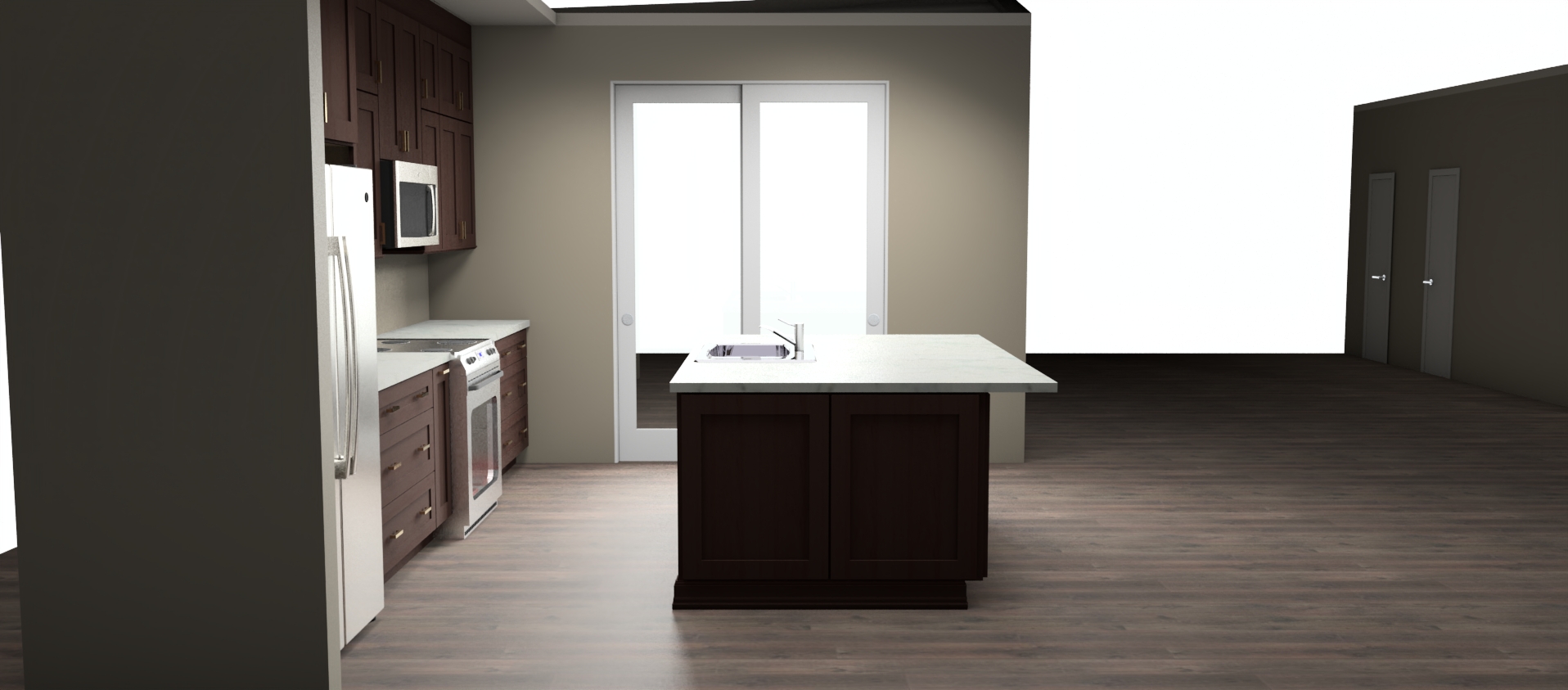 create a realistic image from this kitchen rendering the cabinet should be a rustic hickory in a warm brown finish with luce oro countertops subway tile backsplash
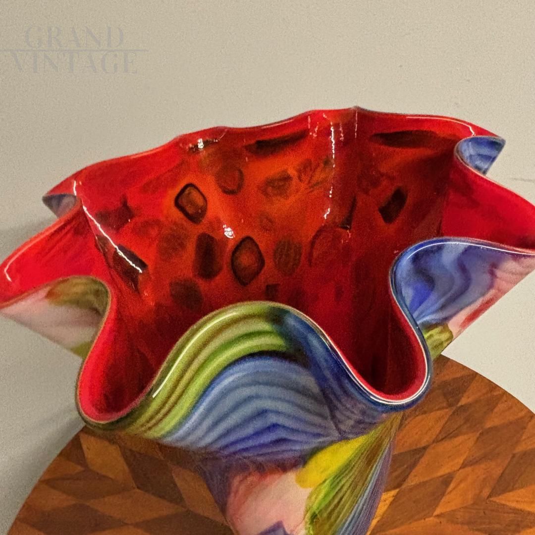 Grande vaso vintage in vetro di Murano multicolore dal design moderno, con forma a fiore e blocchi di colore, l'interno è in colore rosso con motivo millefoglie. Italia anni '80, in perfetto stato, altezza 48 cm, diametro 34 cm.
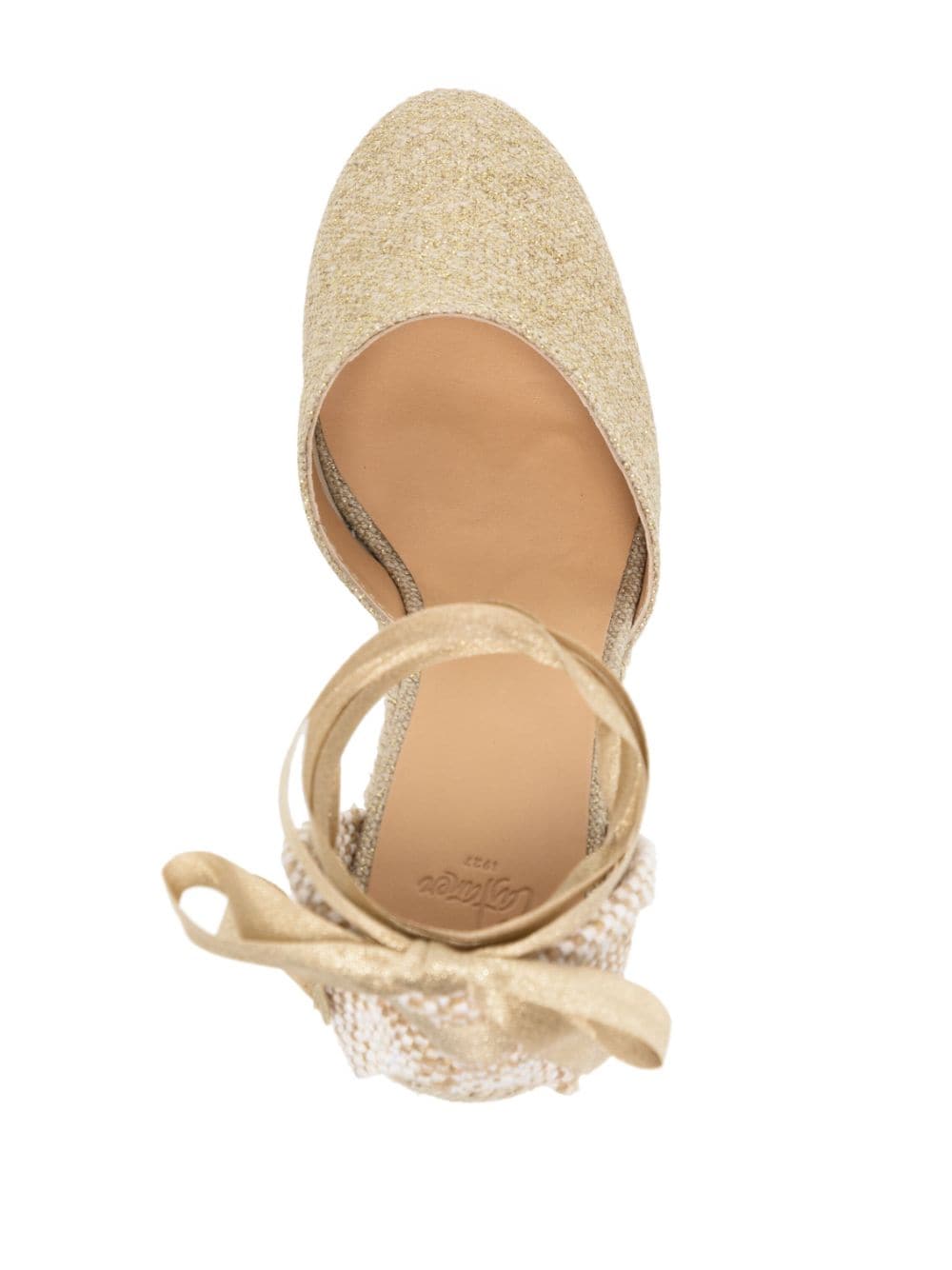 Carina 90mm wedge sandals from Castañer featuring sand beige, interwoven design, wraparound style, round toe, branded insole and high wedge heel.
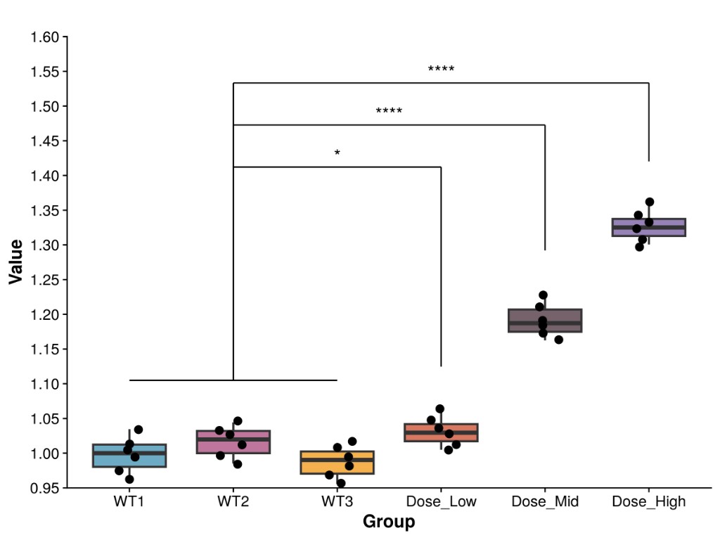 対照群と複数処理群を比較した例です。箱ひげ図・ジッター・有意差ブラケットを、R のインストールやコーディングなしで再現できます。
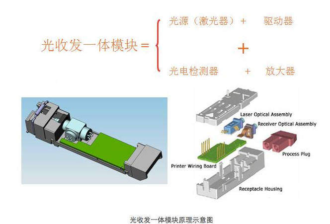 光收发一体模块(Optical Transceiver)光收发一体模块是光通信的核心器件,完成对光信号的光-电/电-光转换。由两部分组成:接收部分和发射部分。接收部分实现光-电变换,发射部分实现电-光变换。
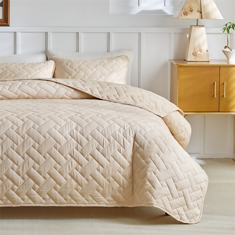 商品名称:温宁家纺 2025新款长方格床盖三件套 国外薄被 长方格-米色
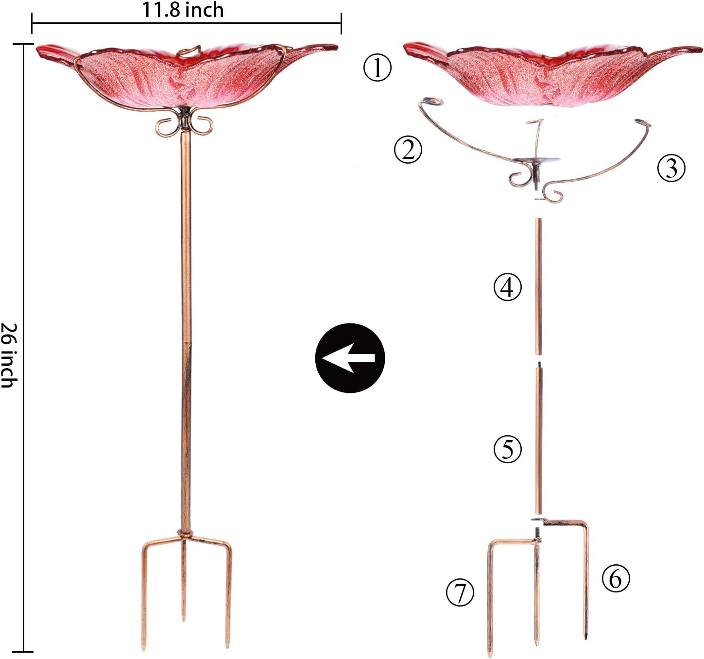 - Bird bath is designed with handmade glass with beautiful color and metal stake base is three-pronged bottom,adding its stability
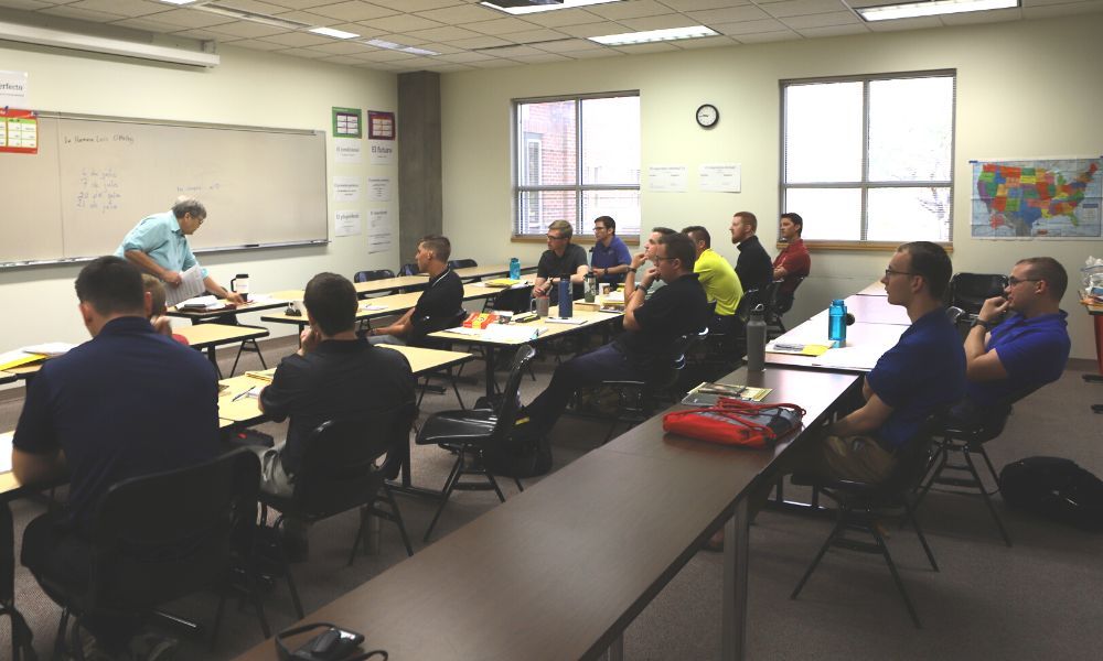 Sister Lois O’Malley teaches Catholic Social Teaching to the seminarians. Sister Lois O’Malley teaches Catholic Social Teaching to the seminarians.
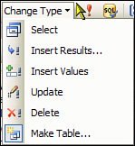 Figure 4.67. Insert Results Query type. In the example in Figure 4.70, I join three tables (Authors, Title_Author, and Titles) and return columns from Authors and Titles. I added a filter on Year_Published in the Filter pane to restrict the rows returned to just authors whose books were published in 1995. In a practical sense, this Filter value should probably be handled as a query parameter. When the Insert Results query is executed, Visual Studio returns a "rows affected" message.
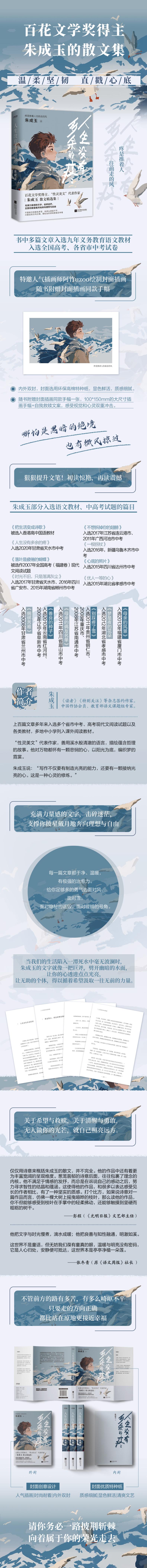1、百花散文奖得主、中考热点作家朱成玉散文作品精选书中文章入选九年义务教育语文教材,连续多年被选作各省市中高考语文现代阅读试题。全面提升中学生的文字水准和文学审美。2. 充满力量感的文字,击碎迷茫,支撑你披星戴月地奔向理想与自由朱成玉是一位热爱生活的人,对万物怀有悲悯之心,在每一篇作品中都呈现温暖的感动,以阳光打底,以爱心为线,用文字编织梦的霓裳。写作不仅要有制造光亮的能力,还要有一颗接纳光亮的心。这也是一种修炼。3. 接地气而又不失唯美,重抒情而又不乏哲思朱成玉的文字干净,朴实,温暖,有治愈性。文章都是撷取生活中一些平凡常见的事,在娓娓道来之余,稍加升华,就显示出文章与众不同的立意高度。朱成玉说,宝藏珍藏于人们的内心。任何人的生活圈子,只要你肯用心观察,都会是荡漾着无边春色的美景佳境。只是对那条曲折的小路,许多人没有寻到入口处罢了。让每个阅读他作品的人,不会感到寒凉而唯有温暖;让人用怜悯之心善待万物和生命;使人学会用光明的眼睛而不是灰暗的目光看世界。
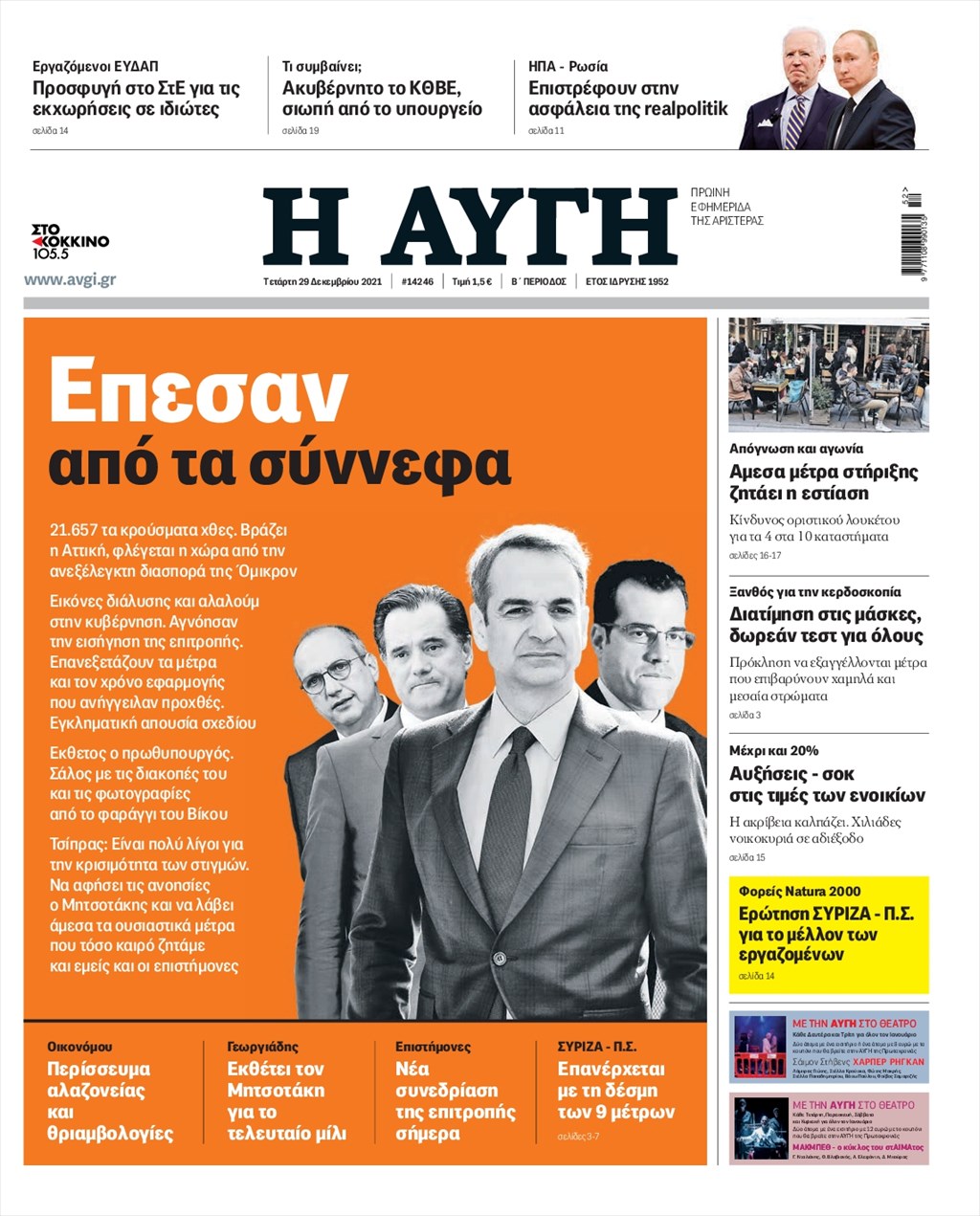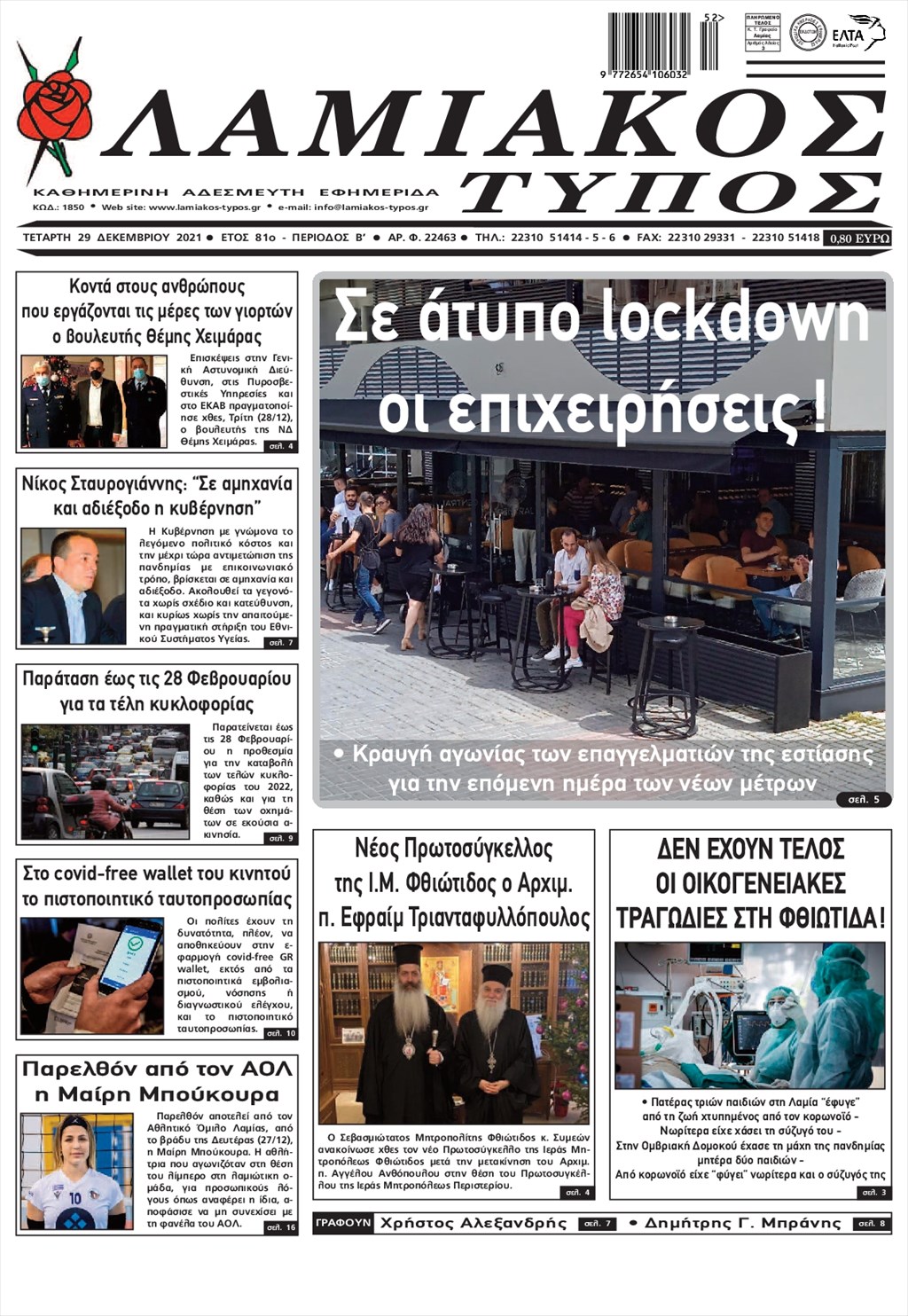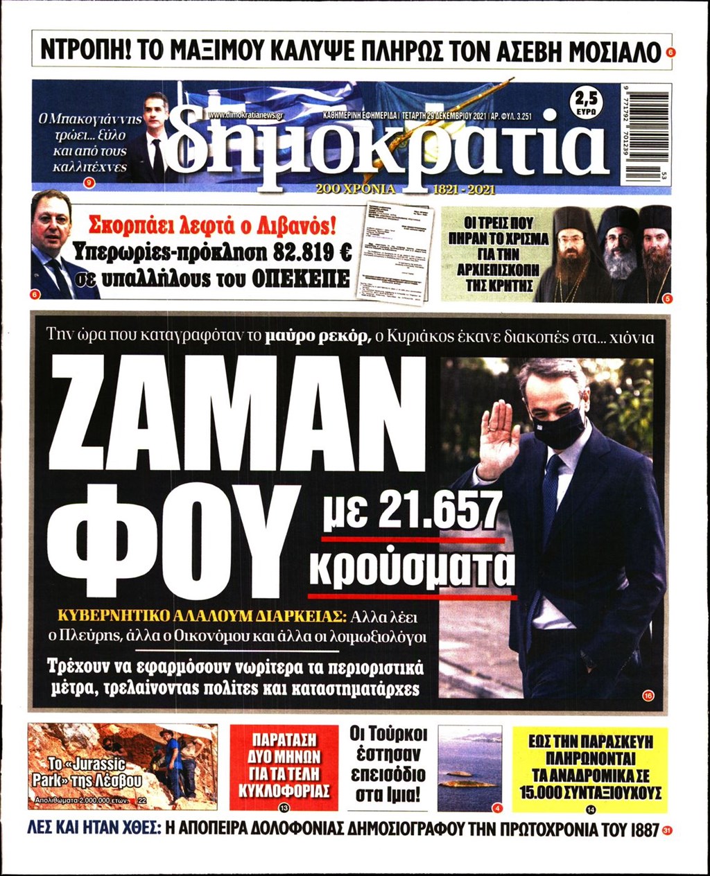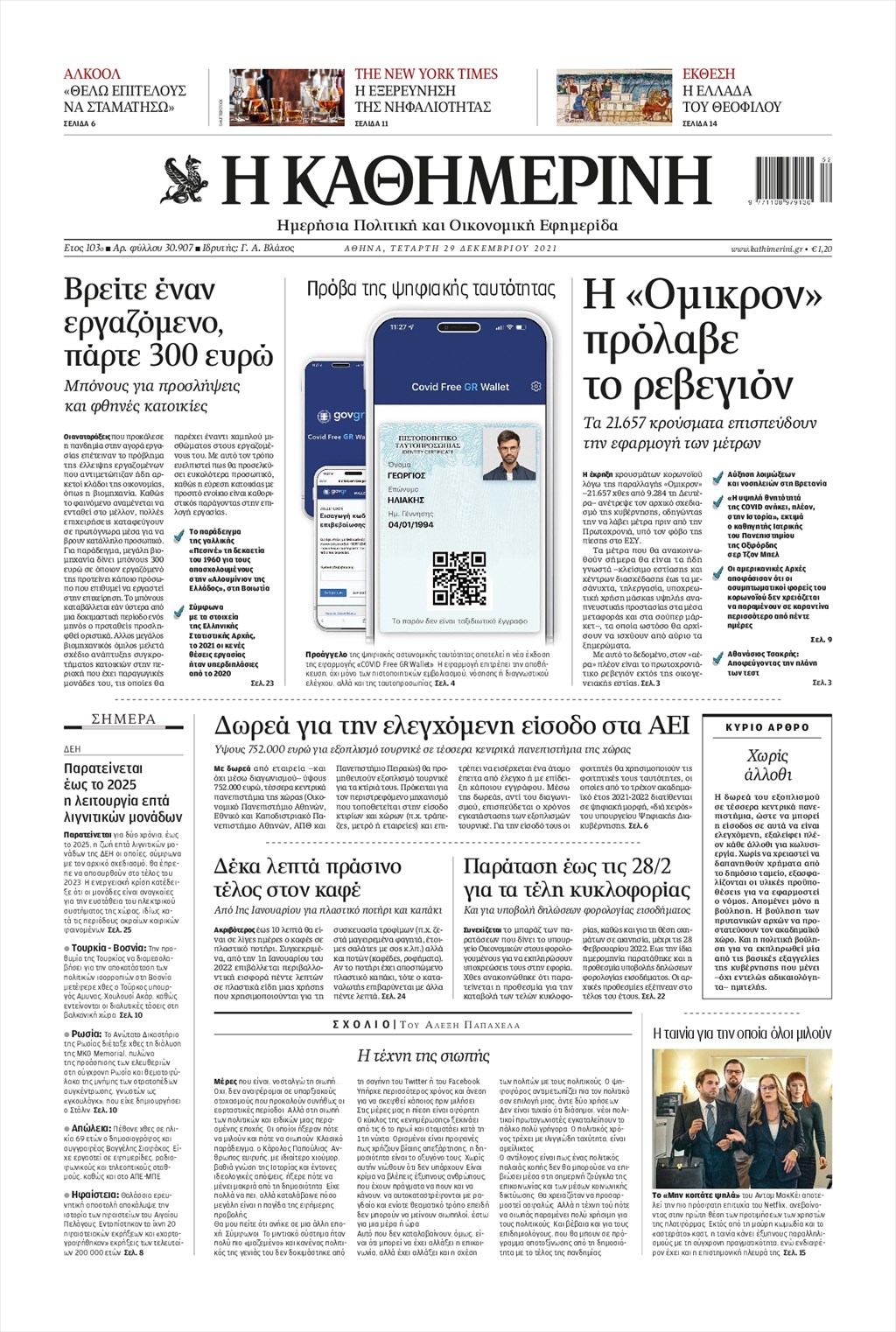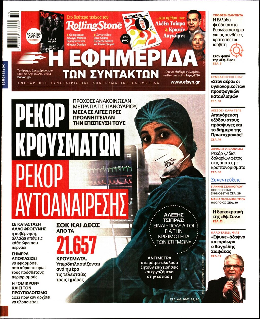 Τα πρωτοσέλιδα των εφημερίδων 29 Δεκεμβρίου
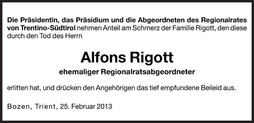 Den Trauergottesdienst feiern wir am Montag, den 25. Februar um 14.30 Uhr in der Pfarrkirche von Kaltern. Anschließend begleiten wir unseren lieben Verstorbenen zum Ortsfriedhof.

+ + +

--- Task statement ---
Output exactly the lines above, from the line with "- Bird bath" to the line with "Τα πρωτοσέλιδα των εφημερίδων 29 Δεκεμβρίου", both included; skip the pictures.

--- Problem solution ---
 - Bird bath is designed with handmade glass with beautiful color and metal stake base is three-pronged bottom,adding its stability
 Sister Lois O’Malley teaches Catholic Social Teaching to the seminarians. Sister Lois O’Malley teaches Catholic Social Teaching to the seminarians.
 Figure 4.67. Insert Results Query type. In the example in Figure 4.70, I join three tables (Authors, Title_Author, and Titles) and return columns from Authors and Titles. I added a filter on Year_Published in the Filter pane to restrict the rows returned to just authors whose books were published in 1995. In a practical sense, this Filter value should probably be handled as a query parameter. When the Insert Results query is executed, Visual Studio returns a "rows affected" message.
1、百花散文奖得主、中考热点作家朱成玉散文作品精选书中文章入选九年义务教育语文教材,连续多年被选作各省市中高考语文现代阅读试题。全面提升中学生的文字水准和文学审美。2. 充满力量感的文字,击碎迷茫,支撑你披星戴月地奔向理想与自由朱成玉是一位热爱生活的人,对万物怀有悲悯之心,在每一篇作品中都呈现温暖的感动,以阳光打底,以爱心为线,用文字编织梦的霓裳。写作不仅要有制造光亮的能力,还要有一颗接纳光亮的心。这也是一种修炼。3. 接地气而又不失唯美,重抒情而又不乏哲思朱成玉的文字干净,朴实,温暖,有治愈性。文章都是撷取生活中一些平凡常见的事,在娓娓道来之余,稍加升华,就显示出文章与众不同的立意高度。朱成玉说,宝藏珍藏于人们的内心。任何人的生活圈子,只要你肯用心观察,都会是荡漾着无边春色的美景佳境。只是对那条曲折的小路,许多人没有寻到入口处罢了。让每个阅读他作品的人,不会感到寒凉而唯有温暖;让人用怜悯之心善待万物和生命;使人学会用光明的眼睛而不是灰暗的目光看世界。
 Τα πρωτοσέλιδα των εφημερίδων 29 Δεκεμβρίου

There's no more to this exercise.